Guava
As your [Guava] tag suggests, most Guava collection operations are lazy - they are applied only once needed. For example:
List<String> strings = Lists.newArrayList("1", "2", "3");
List<Integer> integers = Lists.transform(strings, new Function<String, Integer>() {
@Override
public Integer apply(String input) {
System.out.println(input);
return Integer.valueOf(input);
}
});
This code seems to convert a List<String>
to a List<Integer>
while also writing the strings to the output. But if you actually run it, it doesn't do anything. Let's add some more code:
for (Integer i : integers) {
// nothing to do
}
Now it writes the inputs out!
That's because the Lists.transform()
method doesn't actually do the transforming, but returns a specially crafted class which only computes the values when they are needed.

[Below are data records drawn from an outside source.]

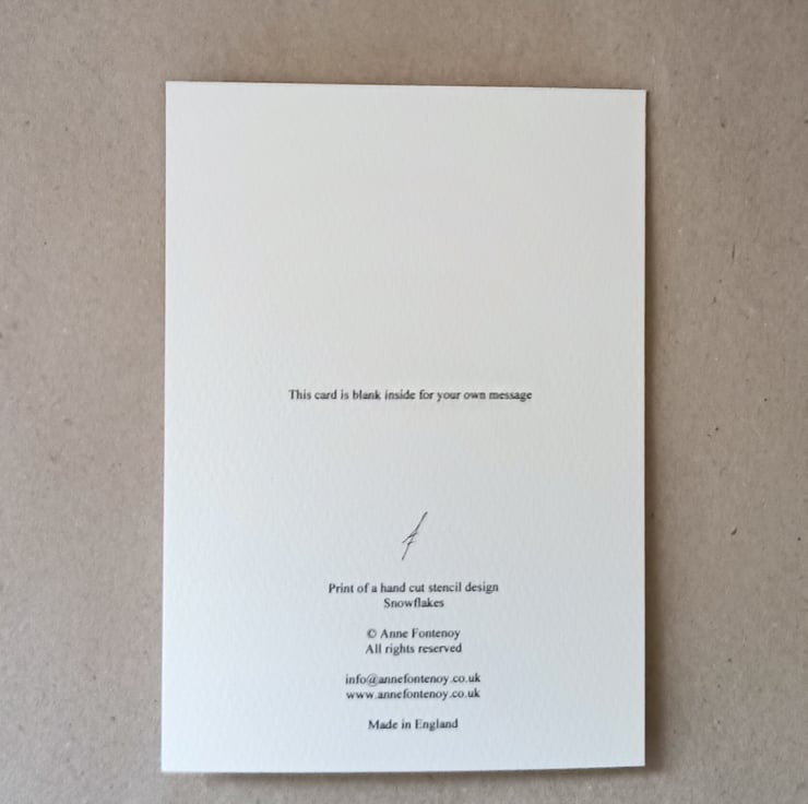 I airbrushed the original design of snowflakes for a jazzy handmade Christmas card from stencils that I cut by hand from my own original pencil drawings of a snowflake design made from my imagination. I now print each card using an A4 desktop inkjet printer and archival inks onto an English watercolour paper with the surface prepared for inkjet print. It is 190 gsm, a medium weight lightly textured card.
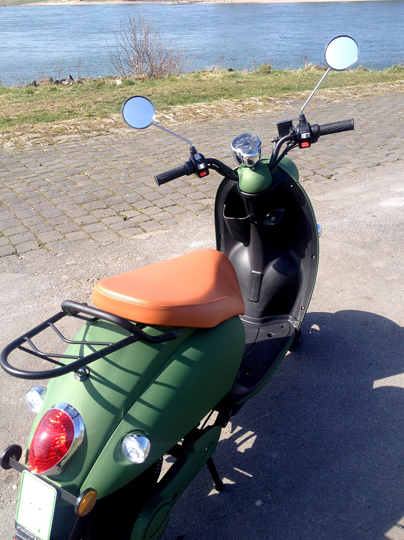4. Reichweite: Ich habe den Akku bisher nicht ausgefahren; bei hügeligem Gelände, allen Lampen an und "sportlicher" Fahrweise (so sportlich wie ein 45er Roller halt sein kann) sind 50km in jedem Fall drin.
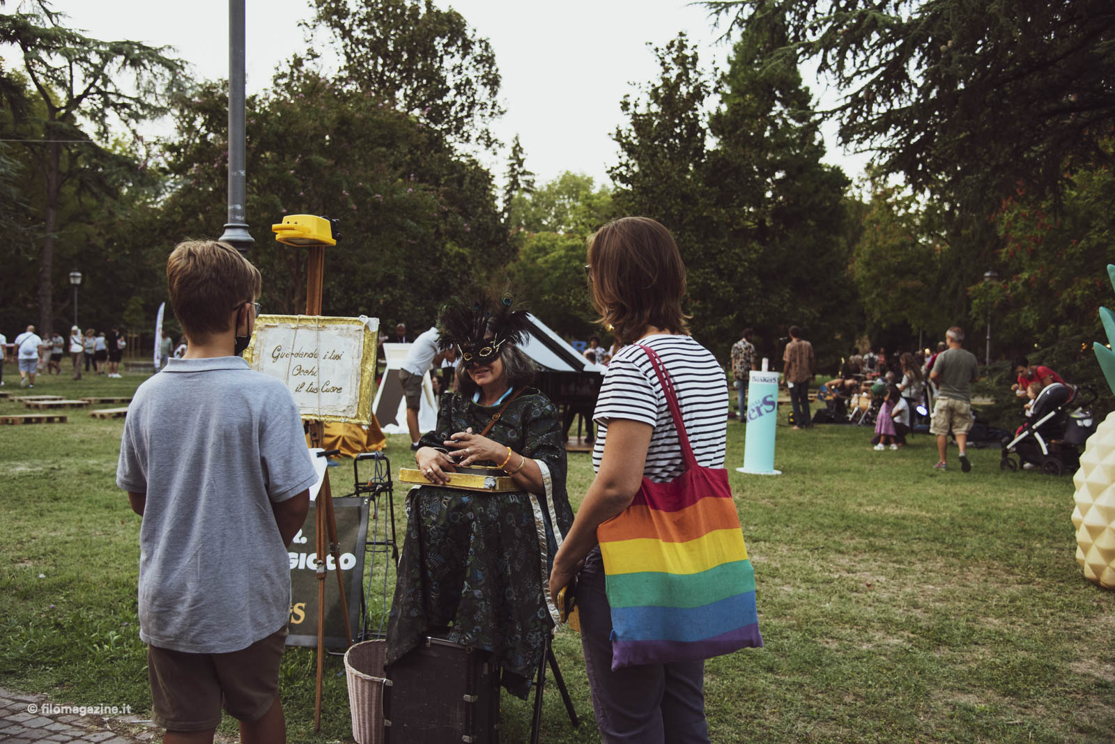 Loro e tanti altri ci hanno accompagnato per gli angoli del Parco Massari, a volte soli, a volte in compagnia, lasciandosi ammirare in una cornice quasi fiabesca. Un mondo incantato in cui l’arte, dopo le enormi difficoltà dell’ultimo anno, torna a essere protagonista. Le persone presenti ne sono state il maggior testimone, tante ma sempre in sicurezza, hanno applaudito, cantato e, in alcuni casi, accennato un ballo. Seppur con alcune differenze è stato un ritorno al passato. Il Festival è incontro, scoperta o anche riscoperta. Incontro di arte, di culture ma anche incontri con persone nuove o con persone che non si vedeva da tempo. È scoperta o riscoperta di nuove forme di arte, di nuovi gruppi ma anche di grandi classici che funzionano sempre (o quasi).

Bonus proof that it all works nicely: If we removed the empty loop and replaced it with e.g. just integers.get(1);
, it would actually only output the number 2
.
If you'd like to chain multiple methods together, there is always FluentIterable
. That basically allows you to code in the Java 8 Stream-like style.
Goldman Sachs Collections
While Guava usually does the right thing by default and works with JDK classes, sometimes you need something more complex. That's where Goldman Sachs collections come in. GS collections give you far more flexibility and power by having a complete drop-in collections framework with everything you might dream of. Laziness is not theer by default, but can be easily achieved:
FastList<String> strings = FastList.newListWith("1", "2", "3");
LazyIterable<Integer> integers = strings.asLazy().collect(new Function<String, Integer>() {
@Override
public Integer valueOf(String string) {
System.out.println(string);
return Integer.valueOf(string);
}
});
Again, doesn't do anything. But:
for (Integer i : integers) {
// nothing to do
}
suddenly outputs everything.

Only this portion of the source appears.